Petrographically, the LTY is a homogeneous coarse-grained biotite augen-gneiss that can be interpreted as a metamorphic igneous body. Compared with the geochemical data presented by Kosuwan [16], our sample TH1608 is relatively SiO2 poor, whereas sample TH1610 from a more internal part of the LTY has an intermediate SiO2 content and is CaO richer. The REEs of both samples are identical and not characteristically different from the samples of the HNP varieties, with moderately enriched LREEs, flat MREE-HREE patterns, and a small negative Eu anomaly. Accordingly, the LTY is a former granite with a peraluminous chemistry and a possible volcanic arc to syncollision granite signature.

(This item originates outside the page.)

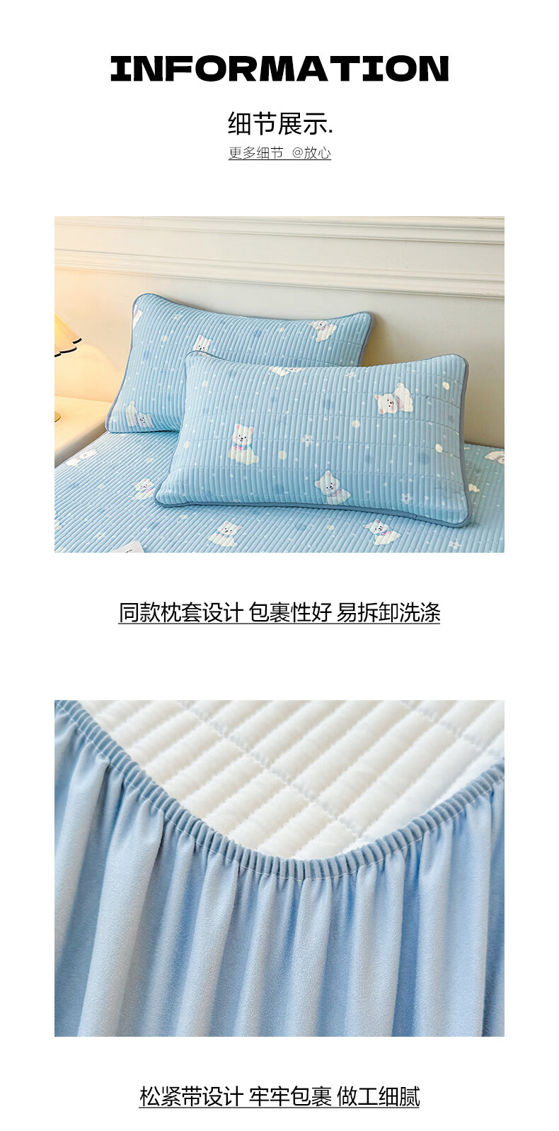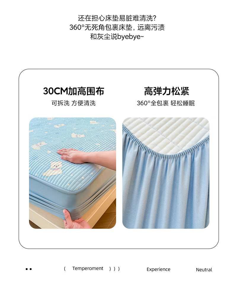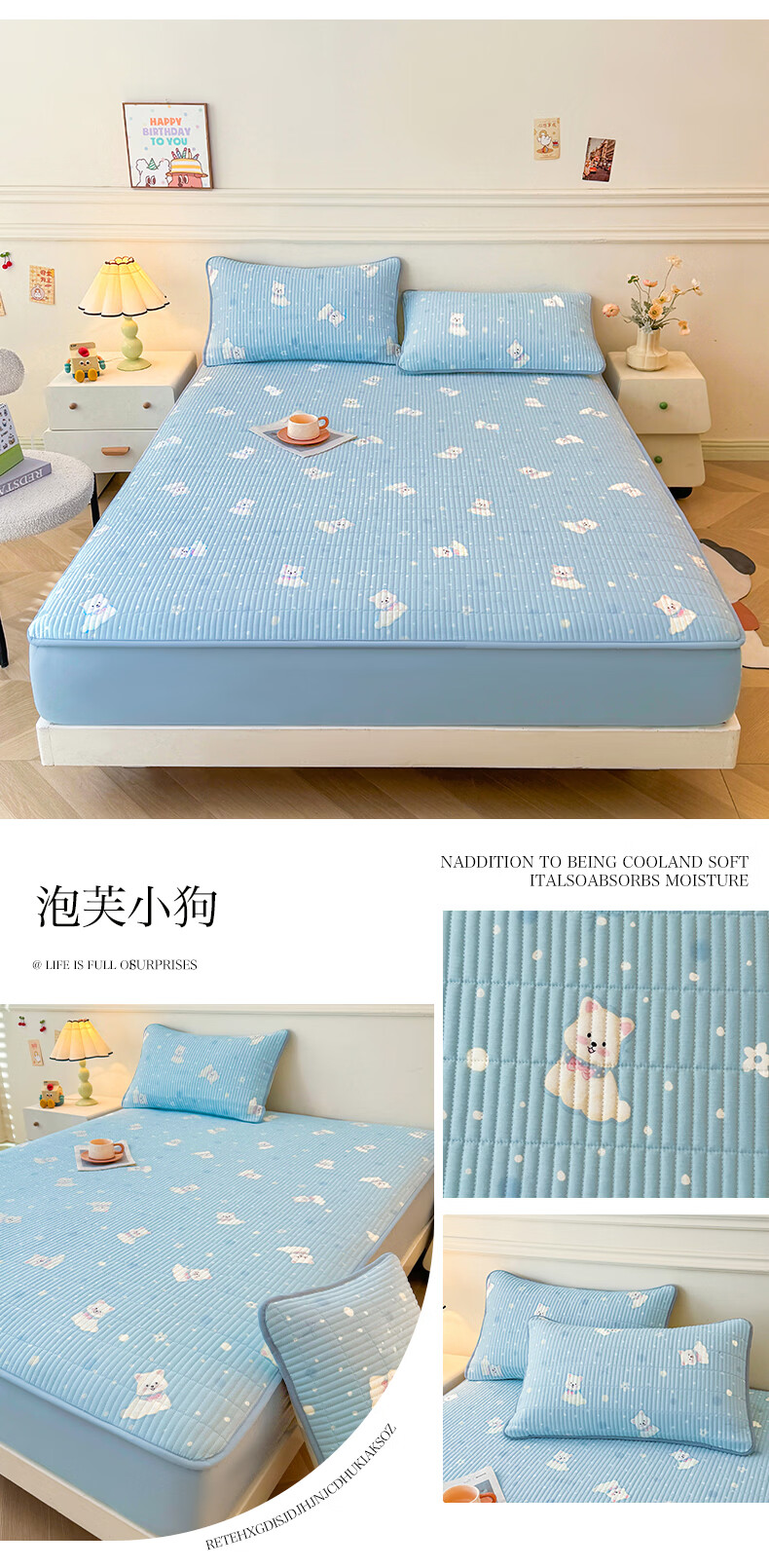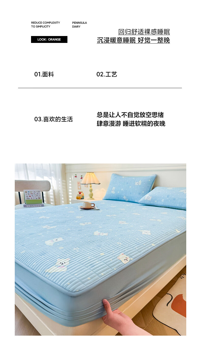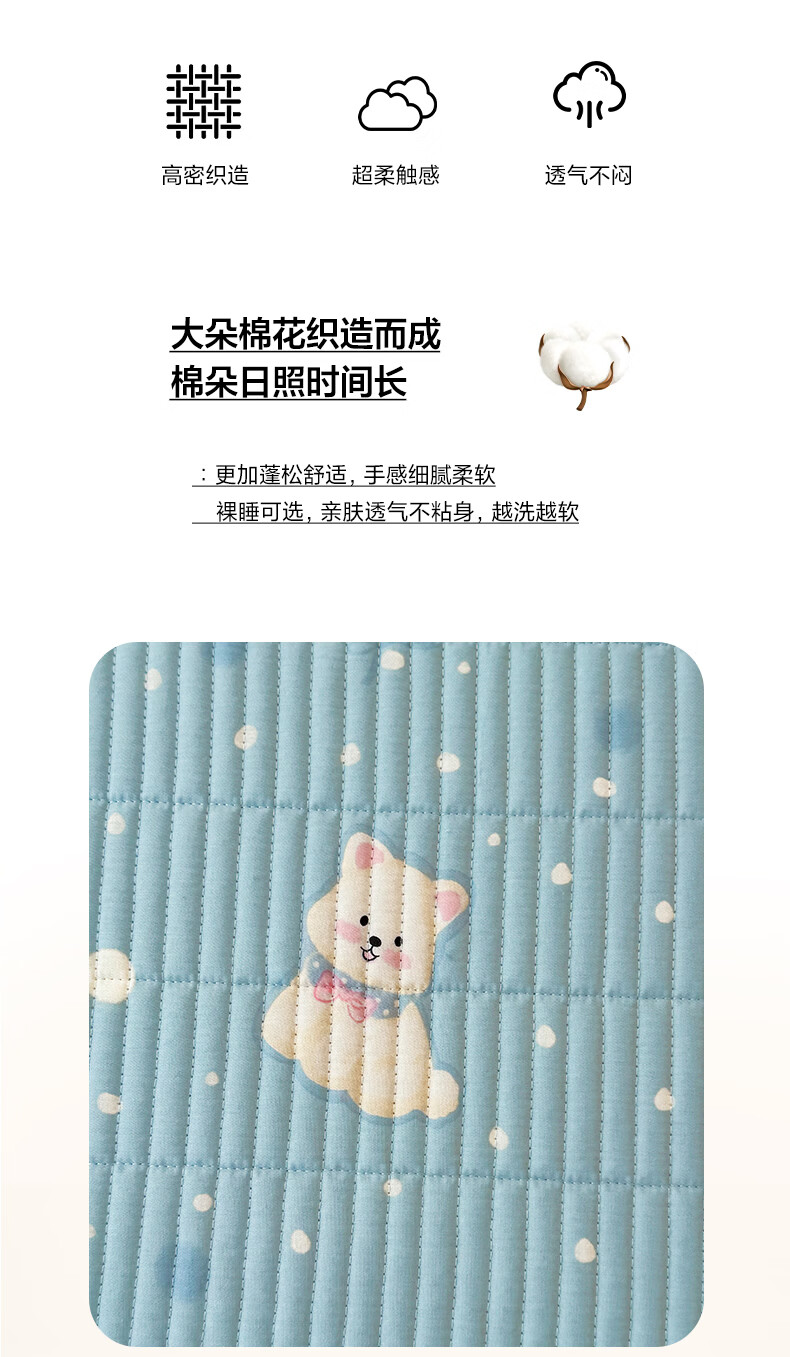无印良品全棉夹棉床笠1.5x2米纯棉加厚儿童床笠罩床垫保护套防滑隔脏床套 泡芙小狗 【夹棉纯棉面料 四季通用】 150cm*200cm 床笠【适5-25cm床垫】

The interpretation is supported by the zircon U-Pb age data and the corresponding zircon zonation patterns. All the LTY zircon crystals show a well-developed oscillatory chemical zonation which is characteristic for growth from a melt. Furthermore, cores are rare. The SIMS spots do not show any correlation between apparent ages and position within the zircon crystals. Thus, we interpret the cluster of twenty-one (out of twenty-four) spots defining a Triassic concordia age of 210.1 ± 1.3 Ma as reflecting zircon growth in the crystallizing LTY protolith. Based on the Th/U ratios, the cluster can be divided into two subclusters: one with a concordia age of 211.2 ± 1.7 Ma (Th/U < 0.01) and a second of 207.5 ± 2.0 Ma (Th/U > 0.01). These two concordia ages are not identical within the associated uncertainties and might represent two zircon growth events during the formation of the LTY protolith. Alternatively, the older age (ca. 211 Ma) might be dating igneous zircon growth during LTY protolith formation and the younger one (ca. 208 Ma) a metamorphic-hydrothermal overprinting event shortly after the LTY protolith formation. Zircon zonation and the Th/U systematics do not directly favor the latter interpretation, but the abundance of literature data [1, 3, 8, 17] providing evidence for an Indosinian (Middle to Late Triassic) metamorphic event in Thai basement rocks should not be ignored in this case. We thus favor the interpretation of an igneous formation of the LTY at ca. 211 Ma and a first metamorphic overprint at ca. 208 Ma. The two erratic SIMS spots with apparent ages >250 Ma are from zircon core domains and do not add any additional information.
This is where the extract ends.